The closest parallel to it that I know, is the mound at Burgh near Wainfleet, in Lincolnshire, which also has a cup-shaped top, overhangs a road, and was the site until recent years of the Shrove Tuesday games of the village, as were mounds at East Bridgford, Car Colston and elsewhere. I have to admit, however, that I have not seen the Burgh mound for twenty years, that I have no remembrance as to whether it shews out-works or not and that I do not know whether any­thing definite is known about it as to its being the site of the "caput" or chief manor of a Norman baron, and until I know more about the Burgh mound, would not like to theorise too much about this one.

However, the weight of modern evidence is in favour of considering these mounds as Norman castles of the motte and bailey type, erected immediately after the Conquest for the purpose of garrisoning the country and holding the Baronies to which the forfeited lands had been assigned.

This mound is the loftiest of its type in Nottinghamshire, although perhaps it must yield place to Laxton in the total achievement of its works, when one takes into account the out-works.

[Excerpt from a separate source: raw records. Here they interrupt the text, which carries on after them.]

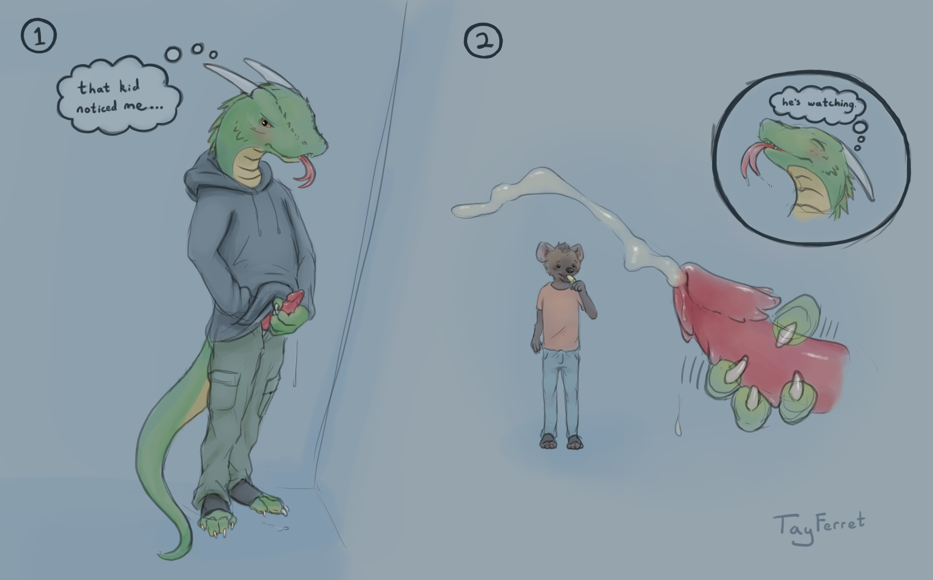 He was spotted by a curious cub who got a private performance. :3
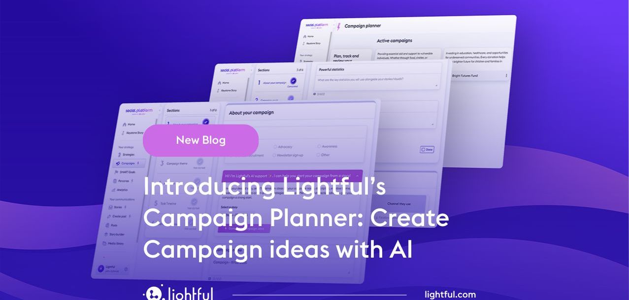 Get Started: The most difficult step for nonprofits is often the first one, so the Campaign Planner gets you started by using AI and Lightful's expertise to suggest campaign ideas based on a story you've already written.
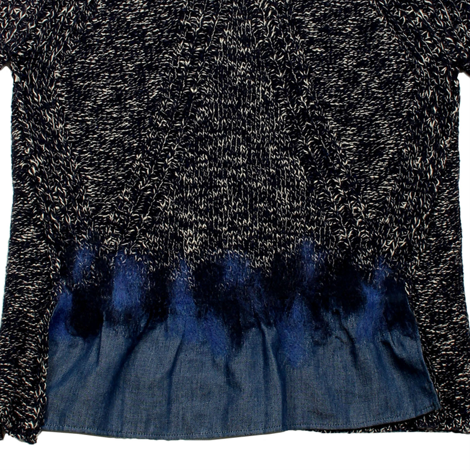 - Needle punched jeans hem line at the front
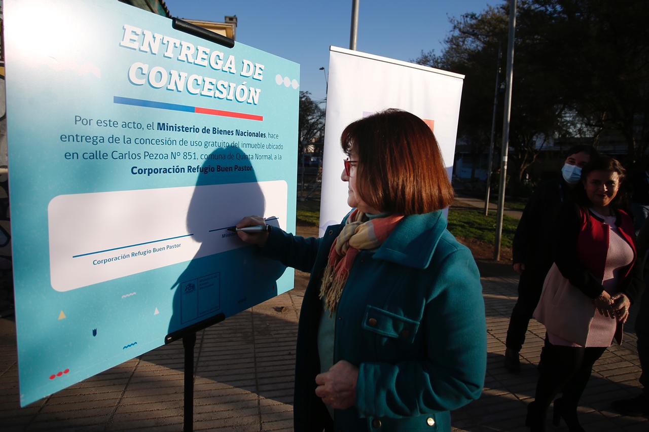 La Corporación Refugio Buen Pastor recibió, de manos de la subsecretaria de Bienes Nacionales, Marilen Cabrera, la renovación por un período de cinco años, de la concesión gratuita que usan para poder administrar el inmueble fiscal que los acoge en la comuna de Quinta Normal.

It is about 150yds. in circumference, with a parapet on the top 70yds. in circumference and 20yds. in diameter on its inner face. There is a glacis to the marshes of the Meden below and some trace of works which might have constituted an outer bailey. If this theory is correct, it is a Norman castle mound, and the present high road intersects the bailey, the slight traces remaining on the east side being explained by the rampart having been levelled to allow of agricultural operations.

Bothamsall before the Conquest was the property of Earl Tostig, brother to the usurping King Harold, and at Domesday was retained in the King’s hands and not granted to the neighbouring Norman barons, Roger de Boulli or Roger Pictavensis. It became, as so much of Nottinghamshire, parcel of the Duchy of Lancaster; but as a King’s Manor it can never have been the “caput” of a feudal lord, and I can only assume that this mound was a castle motte of the 11th century, abandoned after the occupation of the country became more assured.

It would be interesting to excavate the parapet. If it is a Norman motte one would expect to find that it was caused by the ruined walling of a shell keep, fallen down, and the debris overgrown with turf. If neither walling nor traces of stockade were found within the banks, then the theory of an earthen amphitheatre, and the possibility of a Moot hill of the Wapentake might be reconsidered.